La barre au sol
La formation d’un danseur classique, comme celle que j’ai suivie, est certainement la formation physique la plus dure qui soit pour un jeune corps. Tous les jours que Dieu fait, heure après heure passées à sculpter, modeler et plier méticuleusement, par la contrainte, le corps, le ventre et les membres, selon des formes, des angles et des lignes qui dépassent de loin, de très loin, nos limites physiques naturelles. On en veut toujours plus. Toujours plus d’élongation, plus de pirouettes, plus d’« en-dehors », plus de force, plus de tout. Cette exigence entraîne à la fois le corps et l’esprit dans une région de l’existence qui échappe à l’expérience normale. Dès l’âge de quatre ans, j’ai appris à affronter la vie à travers mon corps, à l’intérieur de mon corps, toujours à la limite d’une perpétuelle endurance.
Cet arrière-plan, je crois, m’a préparée à la voie de l’enculade. Celle-ci répond à l’appel de mon masochisme physique. Elle recrée l’extrémisme athlétique de la danse, sa discipline, la recherche de la perfection. Elle est ma façon d’être aux extrêmes. Maintenant que j’ai abandonné la danse, toute l’existence s’est émoussée – sauf ça. A-Man l’appelle « le dur Fil de la Vérité ».
Danser, c’est se mettre au service du chorégraphe, des pas, de la musique. Accepter cet homme au fond de mon cul reproduit cette dynamique du service, de la soumission à quelque chose de plus grand que moi. Apprendre à dépasser son seuil de confort physique et à aimer ce moment du dépassement est inhérent à la formation du danseur. Ce n’est qu’en se dépassant qu’on découvre ce fil, où le risque est réel et où réside l’extase.

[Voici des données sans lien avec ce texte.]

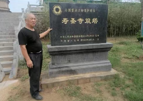 是他,一個地地道道的冉家村村民冉剛敏主動站出來,承擔起了對壽圣寺雙塔的保護任務(wù)。今年已經(jīng)年近古稀的冉剛敏,當年已經(jīng)年近半百,種過地,經(jīng)過商,在城市里做過農(nóng)民工。常言說:外邊的世界很精彩,外邊的世界很無奈,經(jīng)過一陣陣的人生沉浮,使他認識到,自己有責任,也有義務(wù)對家鄉(xiāng)做一點有益的善事。他看到盡管壽圣寺雙塔在當?shù)孛麣夂艽,每年還有古廟會演繹,但是,由于壽圣寺雙塔疏于管理,已經(jīng)到了瀕臨倒塌的邊沿,于是,在2002年他主動來到雙塔崗上,承擔起了對雙塔義務(wù)保護的工作。
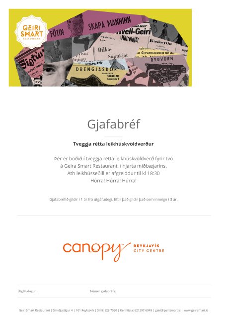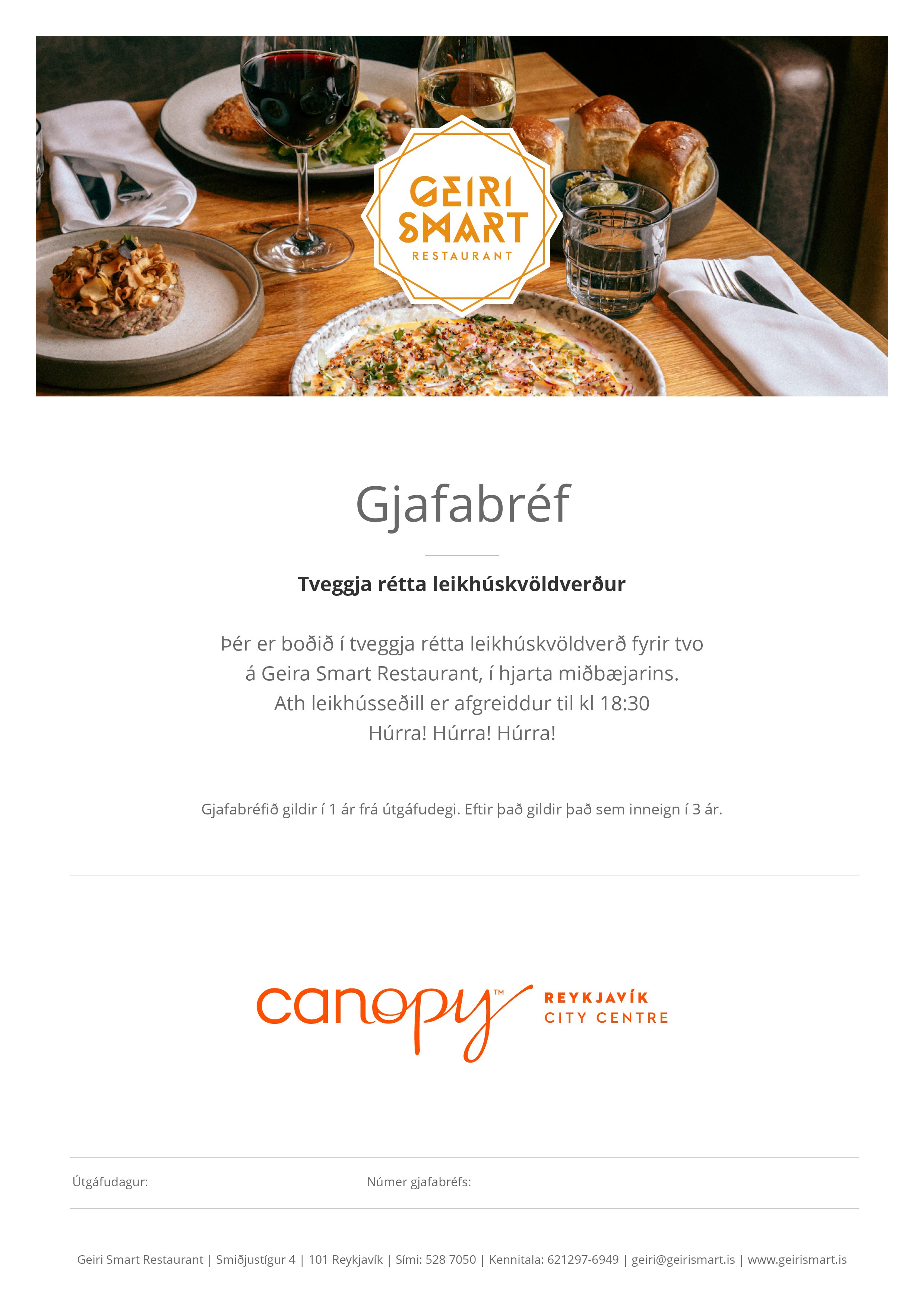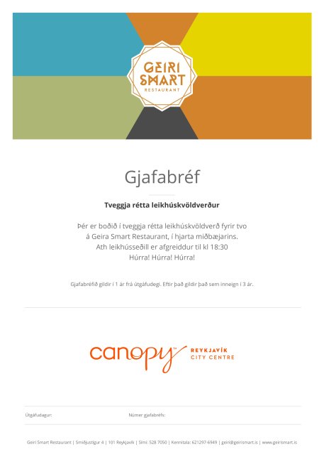 Þér er boðið í tveggja rétta leikhúskvöldverð fyrir tvo á Geira Smart restaurant, í hjarta miðbæjarins. Leikhússeðill er afgreiddur til kl 18:30

Si on a un petit cul de danseuse comme le mien, la douleur et la jouissance de la pression interne de la sodomie sont inséparables. L’école de danse parfait le désir d’être parfait, et on peut finir par devenir une délicieuse petite esclave bien disciplinée. Je vois bien que recevoir une verge dans son cul va de pair avec la psychologie du perfectionnisme qui afflige les sujets doués tels que moi. Pour commencer, on en a besoin : pour une ballerine, être parfaite mène à avoir un très petit cul. Deuxièmement, le défi de demeurer parfaite en subissant une pénétration anale est un des plus grands défis qu’on puisse relever. Y parvenir prouve, à n’en pas douter, la perfection intérieure et extérieure de son être, sa forme, sa santé. Et beaucoup de ressort. La sodomie passive est un rêve de perfectionniste, un nirvana pour masochiste.
Mais – comme pour la plupart des réalités anales – l’inverse est également vrai. Se faire déflorer l’œillet sous son tutu métaphorique marque peut-être les débuts les plus propices – et scandaleux ! – de la ballerine. Mais c’est aussi sa mise en croix, son ultime sacrifice pour transcender l’humain afin d’atteindre au divin. Sur scène, cependant, je ne me suis jamais sentie autant en sécurité que quand j’obéis docilement à A-Man, qu’il couvre mon visage de sa main grande et forte, et tringle mon théâtre des variétés. Quel incroyable sentiment de soulagement. J’ai perdu non seulement tout contrôle, mais aussi toute responsabilité pour m’en remettre à lui. Mon impression de sécurité est si forte parce que le temps que je passe avec lui est le seul moment d’éveil où mes angoisses disparaissent, où je n’ai plus peur.